This book brought up soo many emotions…fear, anger, betrayal, frustration, guilt, empathy, and so many more I can’t put words to right now. How do all of these emotions resonate with me as a reader? Easy, I’m a woman, and this book tells my story.
We never understood the tendency to underestimate us, we who had been baptized and delivered through pain, who grinned and bore agonies while managing to draw on wing-tipped eyeliner with a surgically steady hand. We plucked our eyebrows, waxed our upper lips, got razor burn on our crotches, held blades to the cups of our armpits. Shoes tore holes in the skin of our heels and crippled the balls of our feet. We endured labor and childbirth and C-sections, during which doctors literally set our intestines on a table next to our bodies while we were awake. We got acid facials. We punctured our foreheads with botox and filled our lips and our breasts. We pierced our ears and wore pants that were too tight. We got too much sun. We punished our bodies in spin class. All these tiny sacrifices to make us appear more lithe and ladylike-the female of the species. The weaker sex. Secretly, they toughened our hides, sharpened our edges. We were tougher than we looked. The only difference was that now we were finally letting on.
Baker, “The Whisper Network” P260
I really loved the collective voice of women that Baker used as the narrator. It helped to hone in on all the different ways we are treated differently than our male counterparts, especially those that maybe we don’t recognize yet for ourselves, giving us that lightning bulb moment and showing us just how brainwashed we’ve been growing up in a society that was not made to benefit us. It helps put words to the thoughts and feelings we women may have had but couldn’t name or talk about. It gave us a voice.
Actually, a great deal of time and words had gone into the art of not quite believing us. Adjectives like “bossy” and “feisty” and “pushy” and “intense” became subtle excuses meant to help justify selective hearing loss.
Baker, “The Whisper Network” P187
I can’t speak for all women, but I think that most women can relate to at least one of the 5 main female characters in this book in some fashion. More than likely, they can relate to more than 10 situations or feelings explored in this book, from being the recipient of outright harassment to microagressions (like those in the above quote), or postpartum depression to mom guilt. The constant feeling that you are both doing too much and not enough. It’s a tight-rope line we all walk from a very young age.

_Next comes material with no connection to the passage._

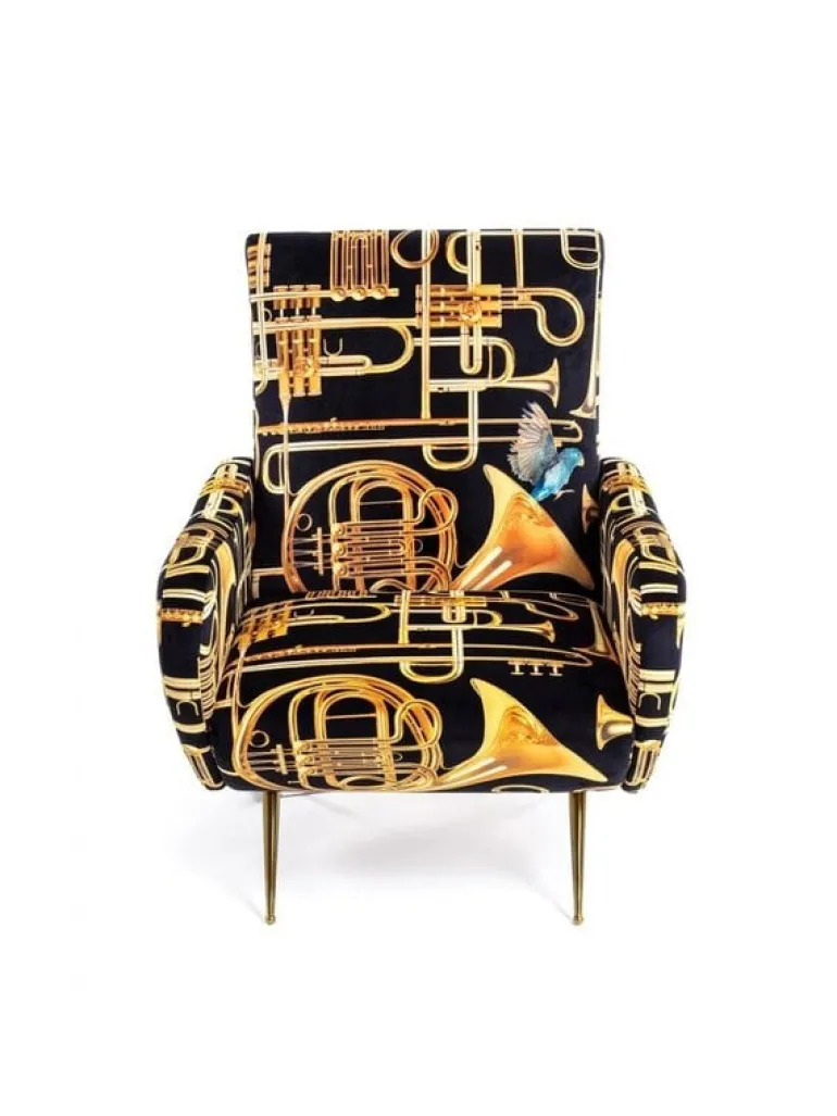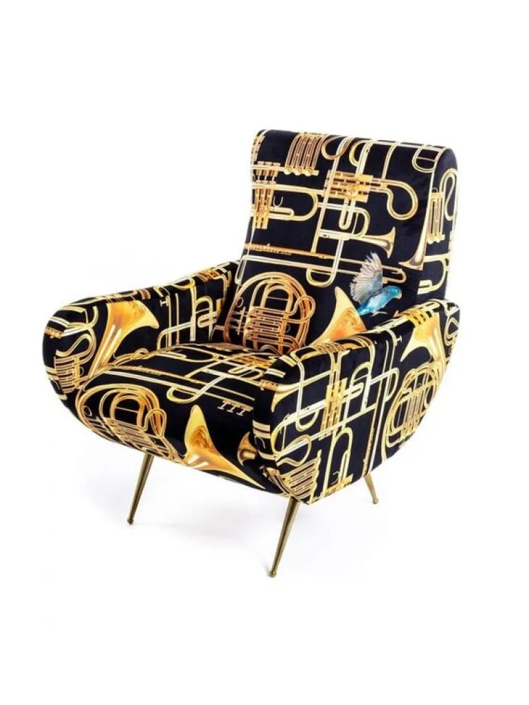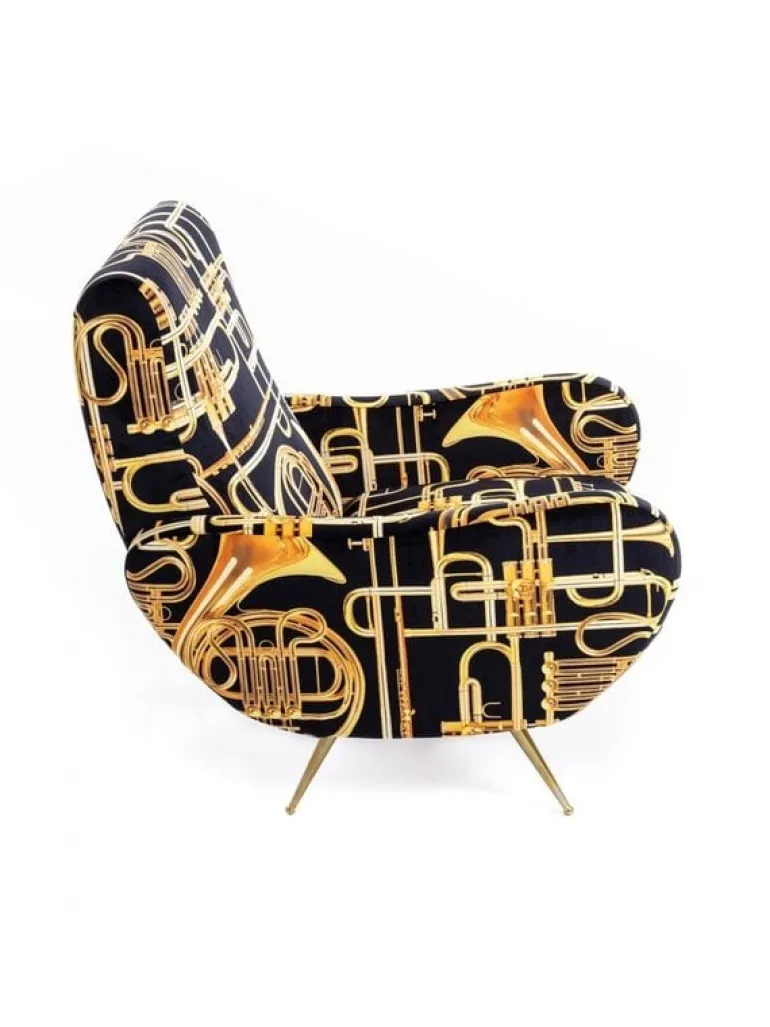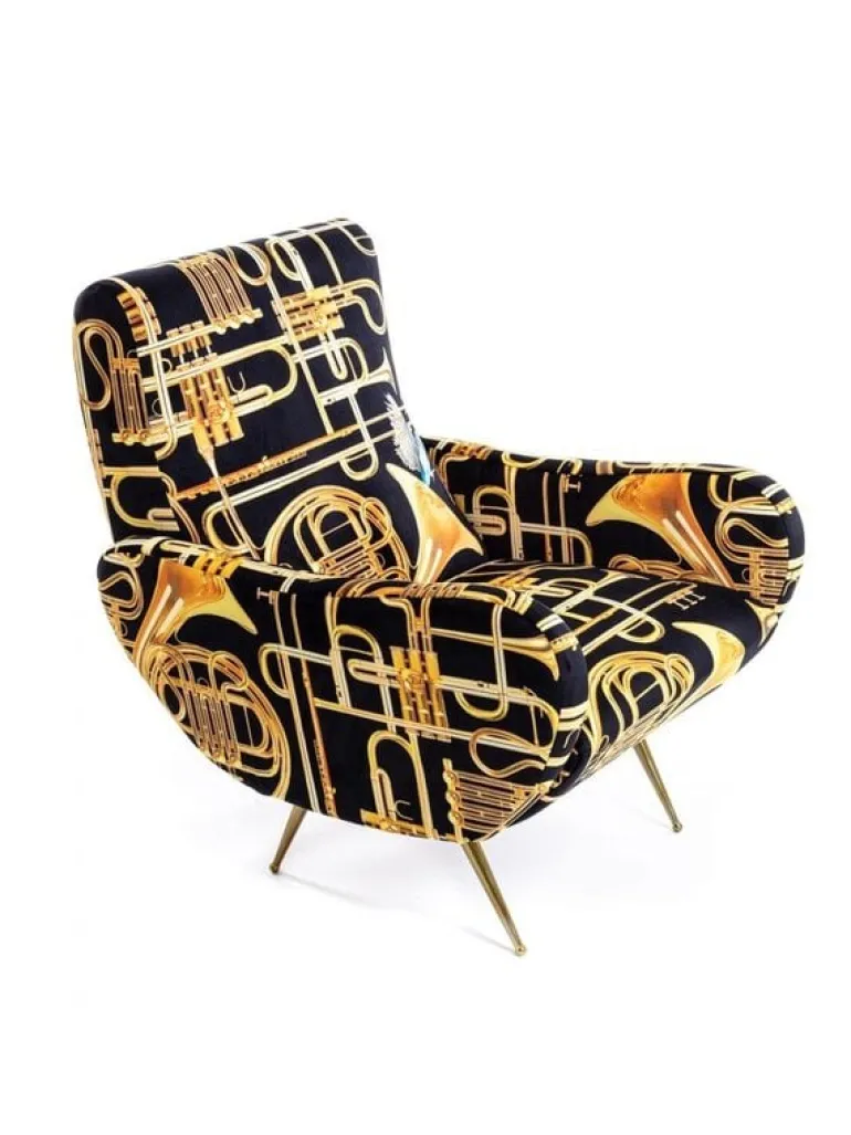 Seletti heeft zich met het ontwerp van de stoel laten inspireren door de jaren 50. De print daarin tegen is verrassend! In meerdere prints en kleuren beschikbaar. De Seletti armstoel trumpets is een echte EYECATCHER! Afmeting 70 x 79 h. 86 cm

The women in this story were incredibly well-drawn. They each had their different thoughts regarding their boss, Ames, and different thoughts about what to do about it. Feminism can be a very polarizing topic, even among women, and I think that the way the author drew each of these women and their thoughts and feelings around the Ames problem really illustrated it so well, and I hope that it makes female readers reflect on their own personal views of feminism and what that means. I hope it makes them reflect on their reaction to women who choose to speak up and those who prefer to stay silent. For me, feminism is about the right to choose for ourselves and not be judged.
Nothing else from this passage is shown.